Further, in the fourth step, the feature quantization network includes a feature extractor, a feature soft quantizer and a multi-layer perceptron;
the multilayer perceptron comprises an input layer, a hidden layer and an output layer; the Input layer is connected with the output of the histogram connection layer, and the output Input of the Input layer1Same as the output H of the histogram connection layer, i.e. Input1H, input layer total r1=NKA plurality of neurons; hidden layer has z1The neuron is fully connected with all output units of the input layer, the output layer of the multilayer perceptron is provided with o neurons, and each neuron represents an action category; the weight between the input layer and the hidden layer is expressed as
Figure BDA0003045989180000045
The weight between the hidden layer and the output layer is expressed as
Figure BDA0003045989180000046
Output Q of hidden neurons1The calculation method of (c) is as follows:
Figure BDA0003045989180000051
wherein phi iseluIt is elu that the activation function is active,
Figure BDA0003045989180000052
is the bias vector of the hidden layer;
output layer output O of multilayer perceptron1Comprises the following steps:
Figure BDA0003045989180000053
wherein phi issoft maxThe function is activated for the softmax and,
Figure BDA0003045989180000054
is the offset vector of the output layer;
loss function L of a feature quantization network1Comprises the following steps:
Figure BDA0003045989180000055
wherein the content of the first and second substances,
Figure BDA0003045989180000056
is the output vector of the multi-layer perceptron for the g-th sample,
Figure BDA0003045989180000057
is the desired output vector for the g-th sample, where lgIs defined as:
Figure BDA0003045989180000058
where G is the total number of samples, lgIs the tag value of the g-th sample.

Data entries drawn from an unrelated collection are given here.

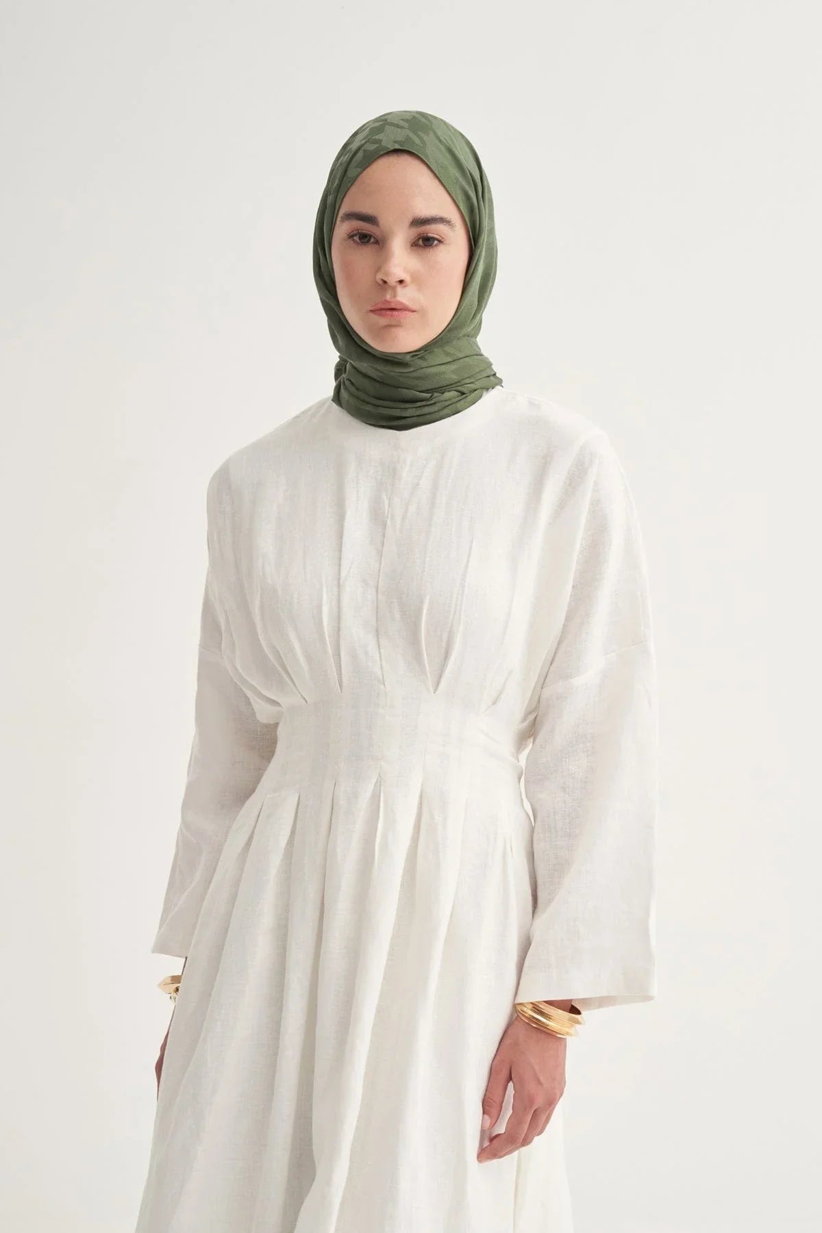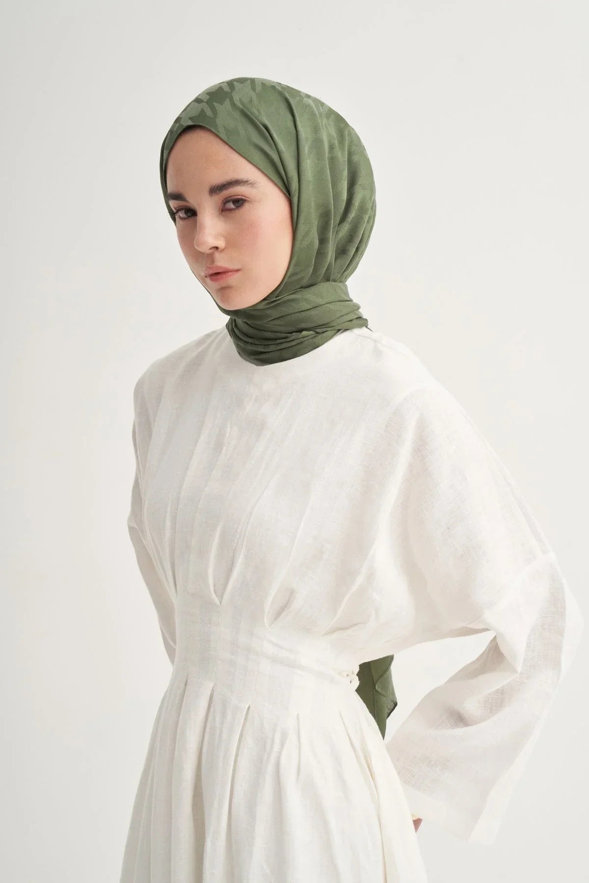 Houndstooth Jacquard Italian Silk Scarf Evergreen
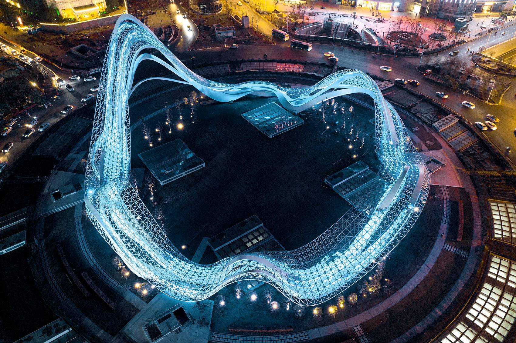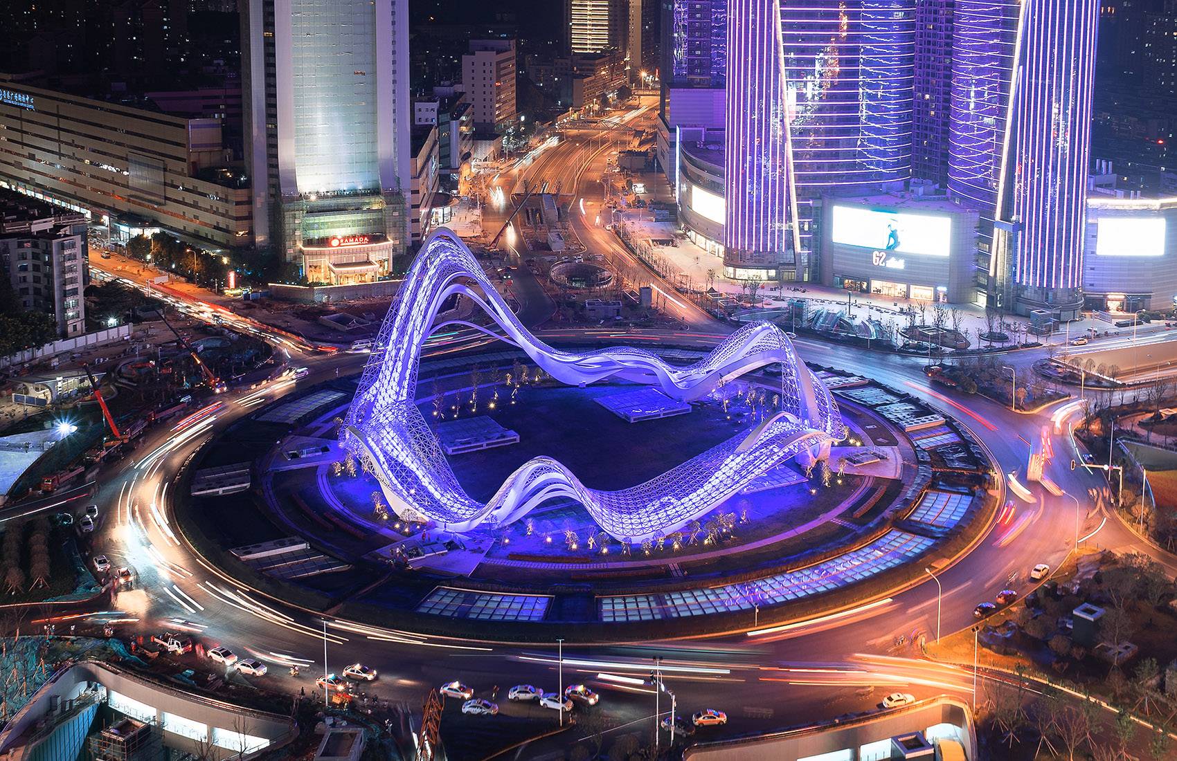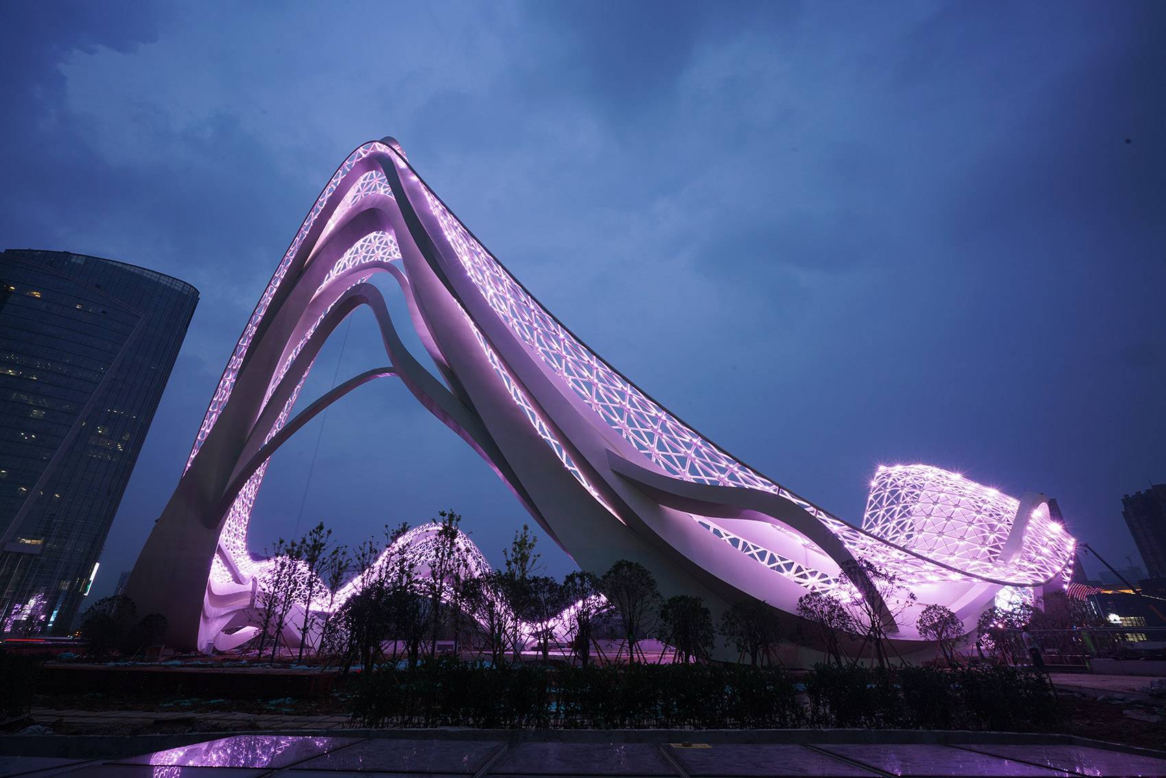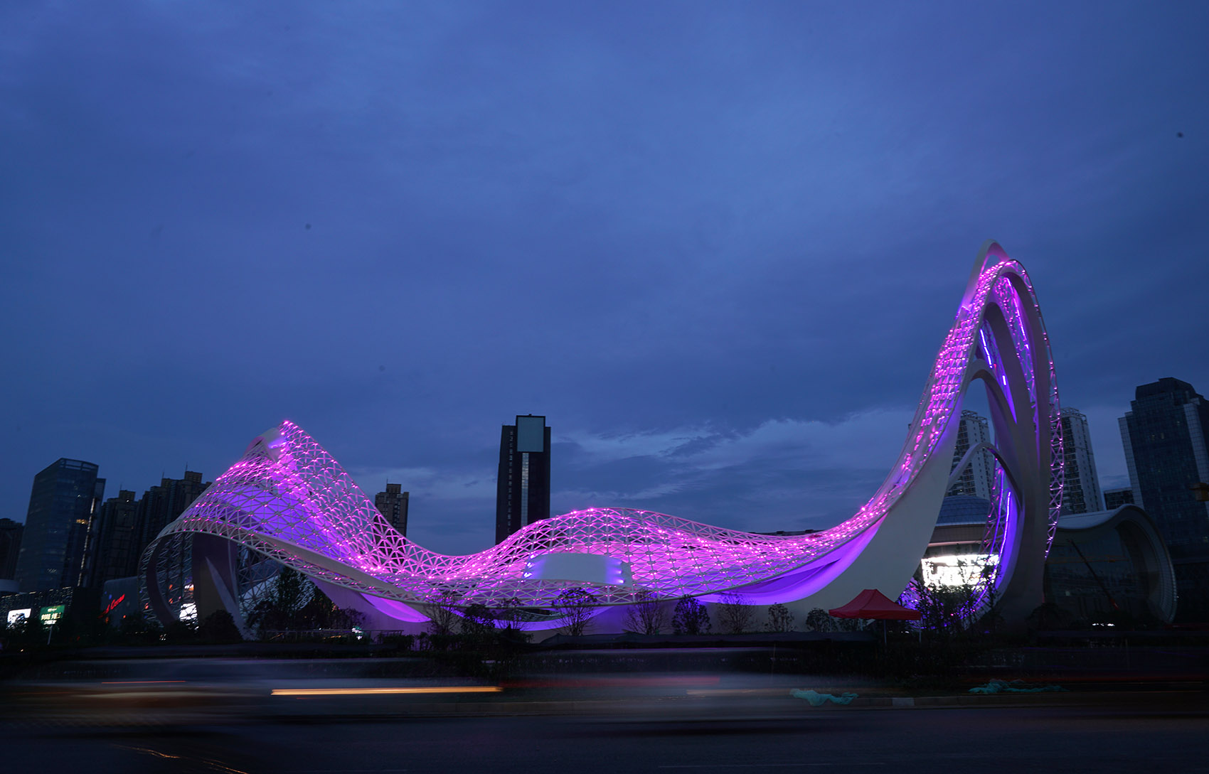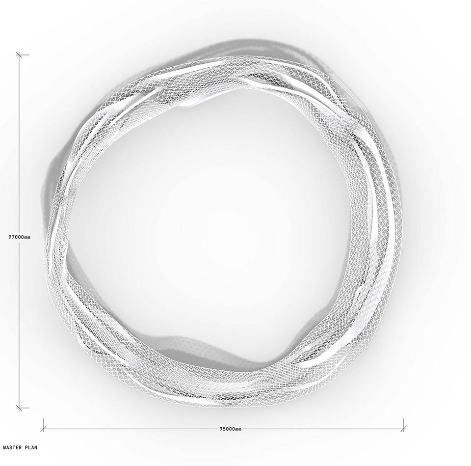 直徑90米的跨度與40米的挑高保證了其在空間中所應(yīng)呈現(xiàn)的體量。雕塑主體富有韻律的起伏造型象征武漢山水交融的城市地貌,3條顯現(xiàn)而充滿張力的曲線對(duì)應(yīng)雄峙鼎立的武漢三鎮(zhèn),俯瞰近似玉璧的環(huán)形形態(tài)是對(duì)未來美好生活的向往,線條交織所編織出邁向未來的夢想也將在深夜的星空點(diǎn)亮。
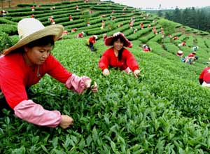茶農(nóng)在由臺商林圣光夫婦投資的茶園中采摘春茶。 |

Further, in the fifth step, the method for finding the co-occurrence feature center group of each action category includes:
inputting the dynamic image of the training action video sample of each category into a feature extractor and a feature soft quantizer in a trained feature quantization network to obtain histogram expression;
for each action category, the action video sample at the a training time has a histogram expression
Figure BDA0003045989180000059
Each dimension expressed by the histogram represents a corresponding feature center, and the value of each dimension represents the response value of the training motion video sample to the feature center; for each action class, calculating covariance between feature centers in the action class;
for any action category, the k-th action category in the action category1A feature center and the kth2Covariance Cov (k) of individual feature centers1,k2) The calculation formula is as follows:
Figure BDA00030459891800000510
wherein the content of the first and second substances,
Figure BDA0003045989180000061
represents the a training motion video sample pair in the motion category1The response value of the center of each feature,
Figure BDA0003045989180000062
all training motion video motion sample pairs representing the motion class1An average of the individual feature center response values; n is a radical ofθThe total number of training action video samples in the action category; k is a radical of1∈[1,NK-1],k2∈[k1+1,NK];
For each action class, calculating the covariance between all feature centers in the above manner; then, the calculated covariance values are sorted from the first action category, and the K with the larger value is selected1Each covariance corresponding to a set of feature centers; the larger the covariance, the more common the features represented by the set of feature centers are in the action classThe higher the likelihood of co-occurrence; each group of feature centers represents the co-occurring image features in the dynamic images of the category of motion video samples; if the characteristic center group found in the action category ranked behind is repeated with the characteristic center group found in the action category ranked in the front, the repeated characteristic center group does not account in the characteristic center group found in the action category, and the characteristic center group corresponding to the covariance with larger value is continuously selected; k can be found per action category1A group feature center; there are a total of o action classes, so that a total of K can be found1X o group feature centers.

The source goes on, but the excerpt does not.